Schritt 1: die Signale lesen, die früh entscheiden

Fangen Sie mit den billigen an. Jedes kommerzielle Anti-Bot-Skript liest sie in den ersten Millisekunden, weil es synchrone Property-Zugriffe ohne Netzwerkkosten sind. Fügen Sie das in die Konsole der Seite ein, die Sie tatsächlich blockiert, und nicht in einen leeren Tab, denn einige Werte hängen am Dokument.

// Paste into DevTools, or hand it to your driver's evaluate call
// so it runs in the real page context rather than a fresh tab.
const leaks = {
  webdriver: navigator.webdriver,
  plugins: navigator.plugins.length,
  languages: navigator.languages.join(","),
  cores: navigator.hardwareConcurrency,
  memory: navigator.deviceMemory,
  platform: navigator.platform,
  hasChrome: !!window.chrome,
  hasRuntime: !!(window.chrome && window.chrome.runtime),
};
console.table(leaks);   // read every row, not just the first

Eine echte Chrome-Sitzung meldet die webdriver-Property als undefined, drei bis acht Einträge in der Plugin-Liste, mindestens zwei akzeptierte Sprachen, eine Kernzahl passend zur Maschine, einen Plattform-String wie Win32 oder MacIntel und ein gefülltes window.chrome-Objekt mit einer runtime darin.

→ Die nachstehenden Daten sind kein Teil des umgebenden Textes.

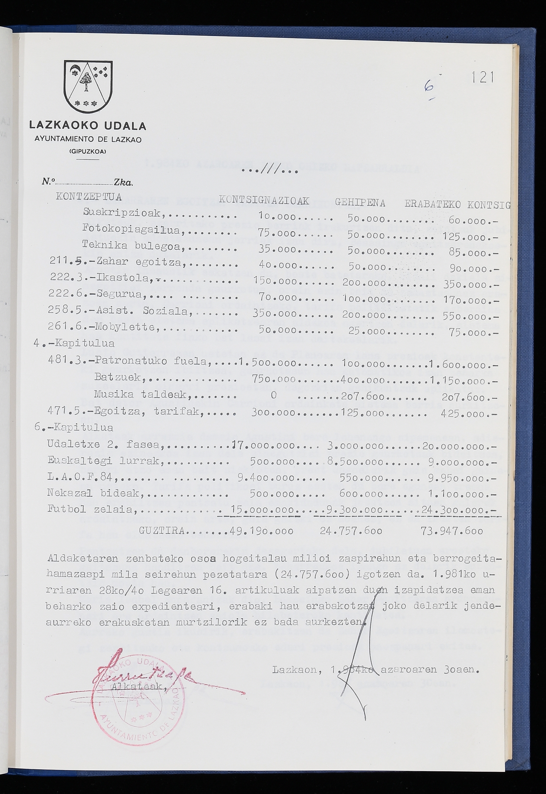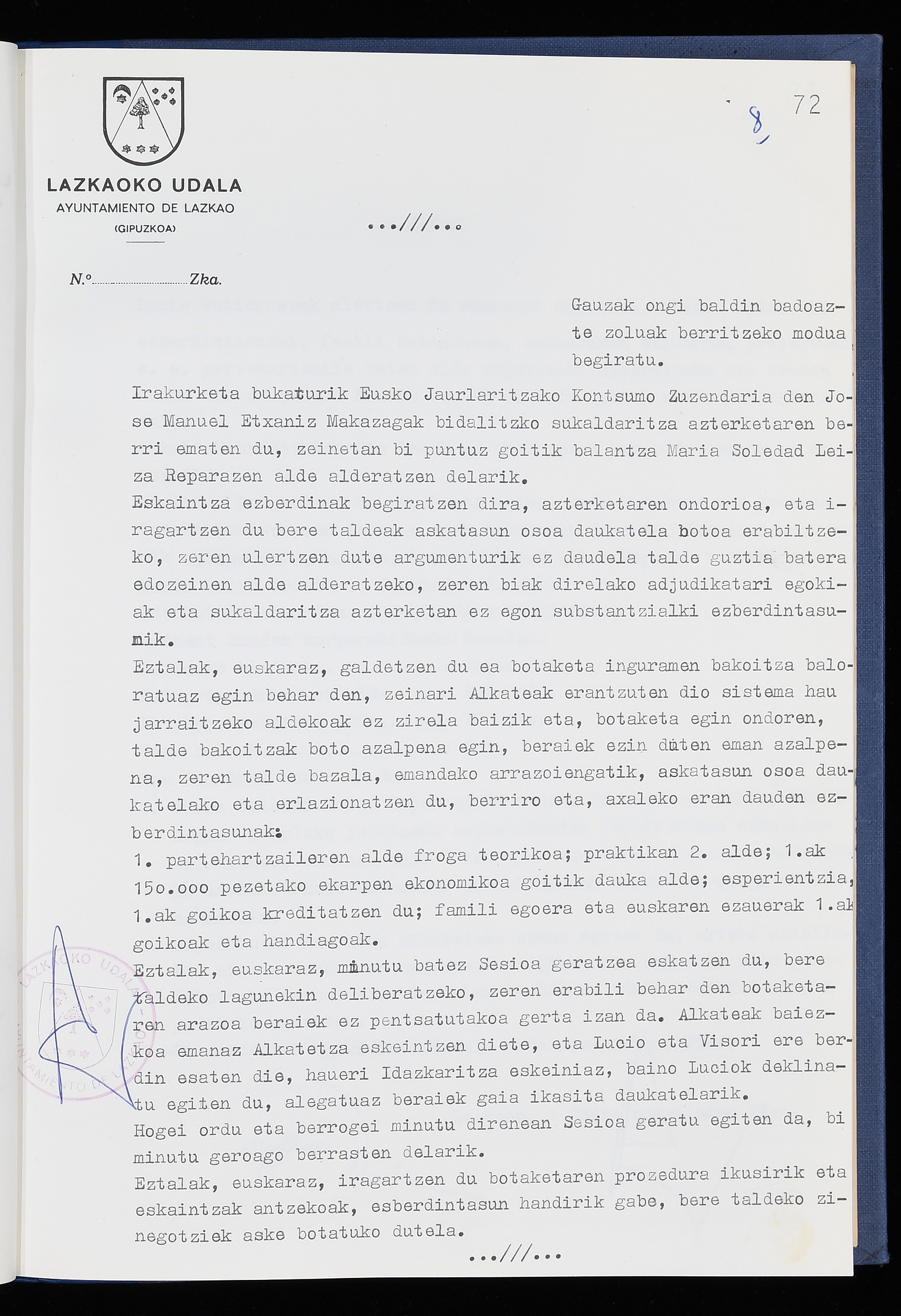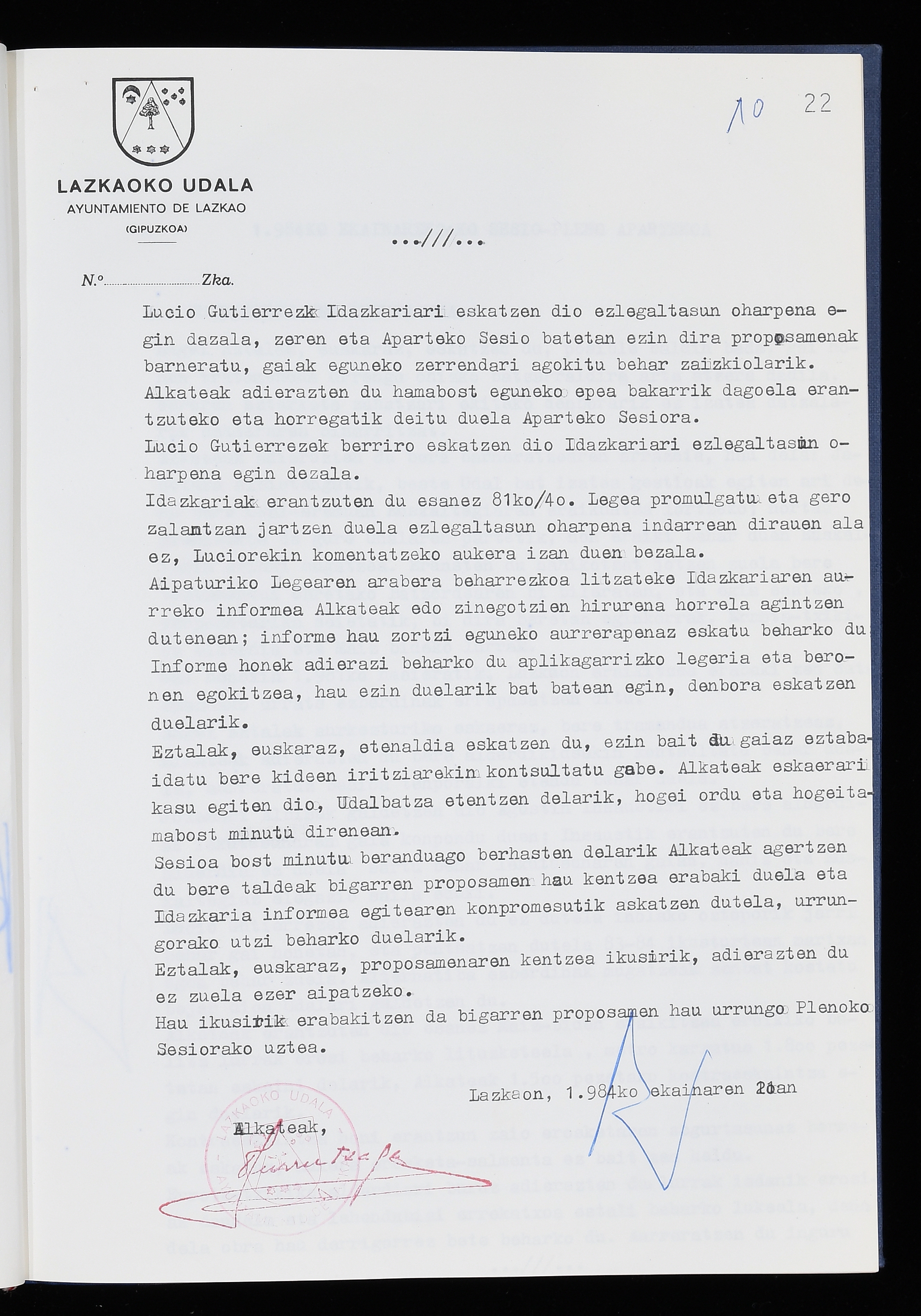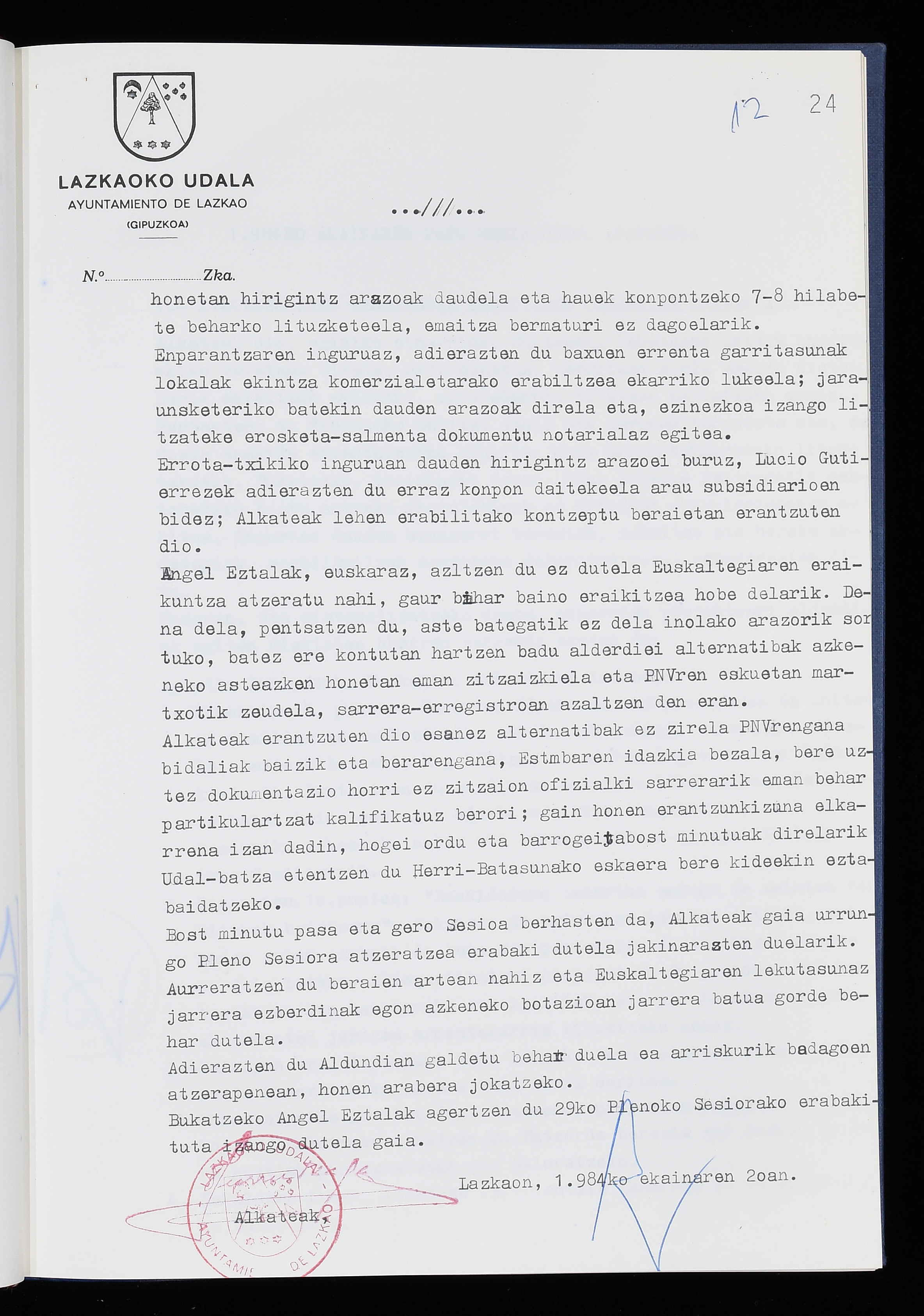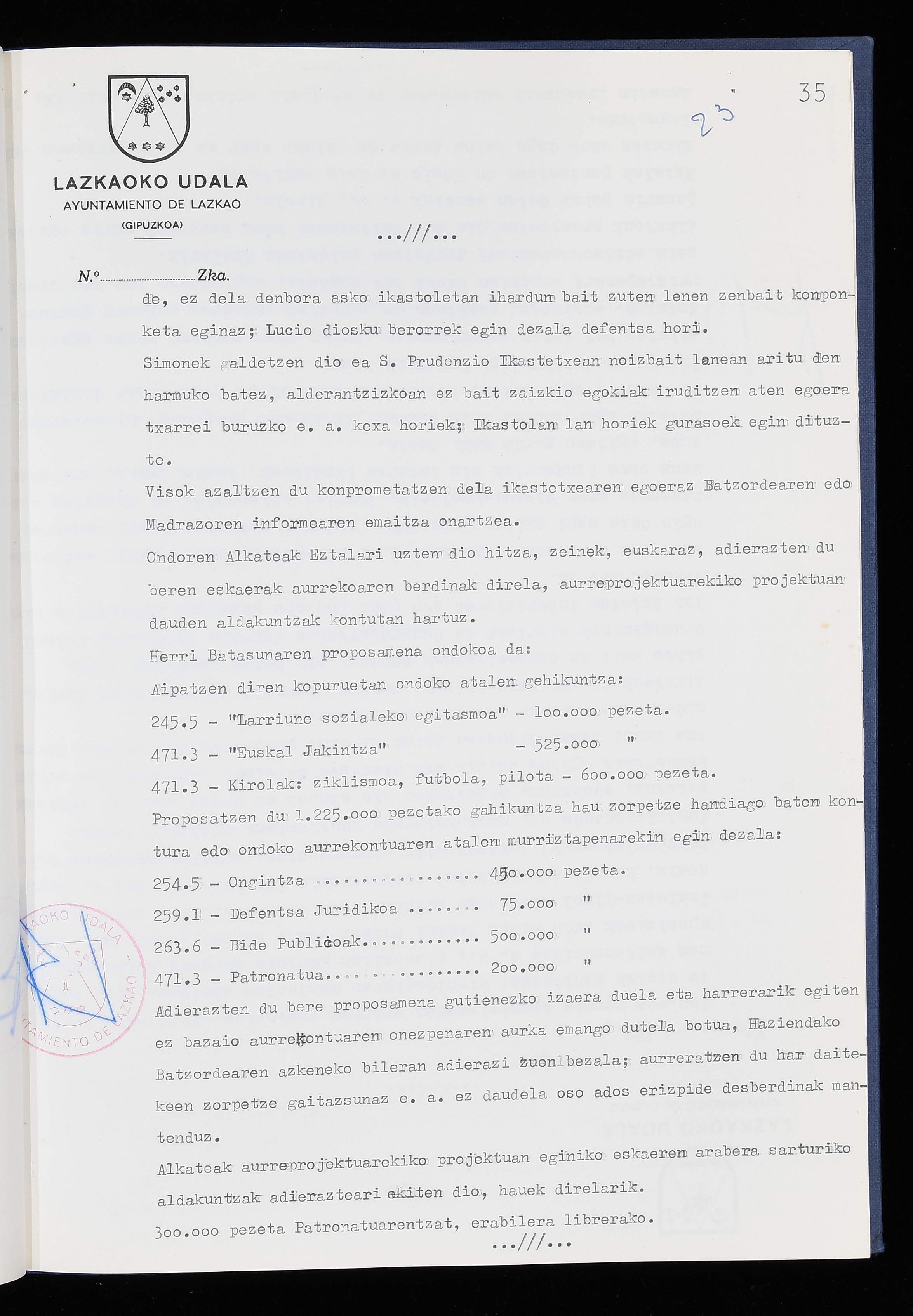 Log in to post commentsEdukiakSailkapenaFuntsaLazkaoko Udal ArtxiboaAtalakUdal AktakSailkapena1.1.4. Osoko Bilkuraren akta liburuakSailkapen berriaOsoko Bilkurako akta liburuakMultimediaIrudiakIdentifikazioaSignaturaakta liburua I-036Hasiera1984-06-01Amaiera1985-06-28AutoritateakTokiaLazkaoLog in to post commentsAkta eratu

Ein automatisierter Container meldet meist true, null, eine Sprache, zwei Kerne, Linux x86_64 und bei den letzten beiden Punkten gar nichts.

Die webdriver-Property kennen die meisten, und sie ist der einzige Eintrag der Liste, der absichtlich da ist. Sie ist standardisiert: die W3C-WebDriver-Spezifikation verlangt, dass ein konformer Treiber ein Flag setzt, das genau diese Property nach außen zeigt, und MDN dokumentiert dasselbe Verhalten. Sie ist also kein Bug, den jemand zu beheben vergessen hat, sondern der Browser, der genau tut, was die Spezifikation ihm vorschreibt.

Lesen Sie die Zeilen zusammen und nicht einzeln, denn Erkennungsskripte prüfen sie auf Übereinstimmung. Ein Windows-User-Agent neben einem Linux-Plattform-String ist ein deutlich stärkeres Signal als jeder der beiden Werte allein, und genau daran scheitert fast jeder selbstgebaute Patch im ersten Versuch.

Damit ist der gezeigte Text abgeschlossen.